There were 378 households, of which 34.9% had children under the age of 18 living with them, 53.7% were married couples living together, 10.8% had a female householder with no husband present, 6.3% had a male householder with no wife present, and 29.1% were non-families. 24.3% of all households were made up of individuals, and 10.6% had someone living alone who was 65 years of age or older. The average household size was 2.56 and the average family size was 3.01.

The median age in the town was 39.6 years. 25.7% of residents were under the age of 18; 8% were between the ages of 18 and 24; 25.2% were from 25 to 44; 27.9% were from 45 to 64; and 13.3% were 65 years of age or older. The gender makeup of the town was 49.9% male and 50.1% female.

===2000 census===
As of the census of 2000, there were 1,090 people, 420 households, and 304 families living in the town. The population density was 2,023.6 PD/sqmi. There were 437 housing units at an average density of 811.3 /sqmi. The racial makeup of the town was 99.45% White, 0.28% African American, 0.09% Native American, 0.09% Asian, and 0.09% from two or more races. Hispanic or Latino of any race were 0.55% of the population.

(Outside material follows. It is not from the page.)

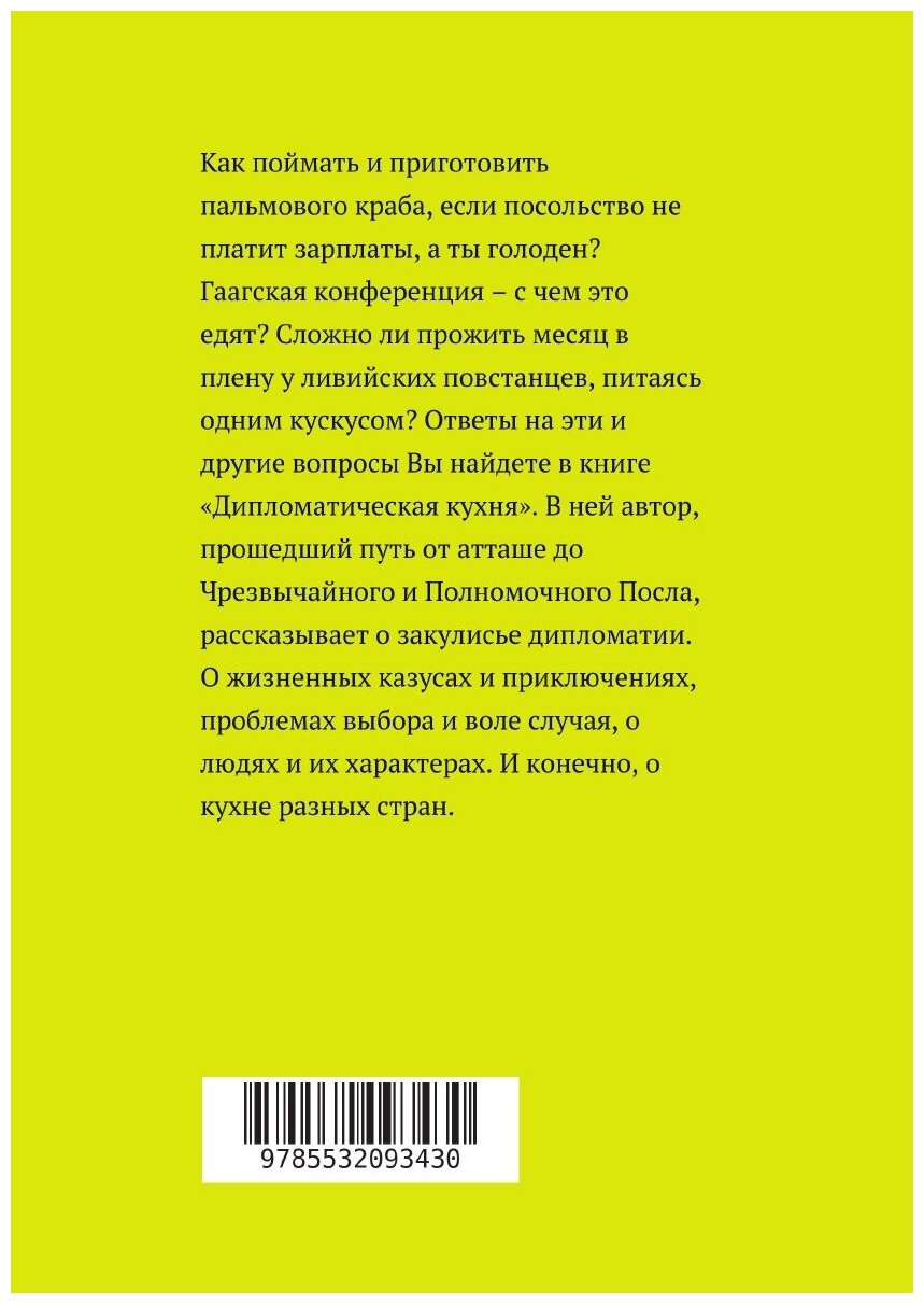 Как поймать и приготовить пальмового краба, если посольство не платит зарплаты, а ты голоден?Гаагская конференция – с чем это едят?Сложно ли прожить месяц в плену у ливийских повстанцев, питаясь одним кускусом?Ответы на эти и другие вопросы Вы найдете в книге «Дипломатическая кухня». В ней автор, прошедший путь от атташе до Чрезвычайного и Полномочного Посла, рассказывает о закулисье дипломатии. О жизненных казусах и приключениях, проблемах выбора и воле случая, о людях и их характерах. И конечно, о кухне разных стран.

There were 420 households, out of which 35.0% had children under the age of 18 living with them, 59.8% were married couples living together, 9.5% had a female householder with no husband present, and 27.6% were non-families. 25.5% of all households were made up of individuals, and 13.1% had someone living alone who was 65 years of age or older. The average household size was 2.60 and the average family size was 3.07.

In the town, the population was spread out, with 29.6% under the age of 18, 5.7% from 18 to 24, 30.8% from 25 to 44, 20.5% from 45 to 64, and 13.4% who were 65 years of age or older. The median age was 34 years. For every 100 females, there were 92.6 males. For every 100 females age 18 and over, there were 90.3 males.

The median income for a household in the town was $37,303, and the median income for a family was $42,500. Males had a median income of $31,908 versus $23,382 for females. The per capita income for the town was $18,311. About 5.2% of families and 7.9% of the population were below the poverty line, including 14.6% of those under age 18 and 8.8% of those age 65 or over.

==Education==
Summitville is a part of the Madison-Grant United School Corporation. Summitville is home to an elementary school, Summitville Elementary School. Students move on to Madison-Grant Junior High School and Madison-Grant High School near Fairmount.

Summitville has a public library, a branch of the North Madison County Public Library System.

==Notable people==
Summitville was the birthplace of former game show announcer Jay Stewart.

Roy Danforth, class of 1954 from Summitville High School, was the basketball coach at Syracuse and Tulane University. He coached Syracuse to the Final Four in the 1975 NCAA tournament. He is a member of the Indiana Basketball Hall of Fame.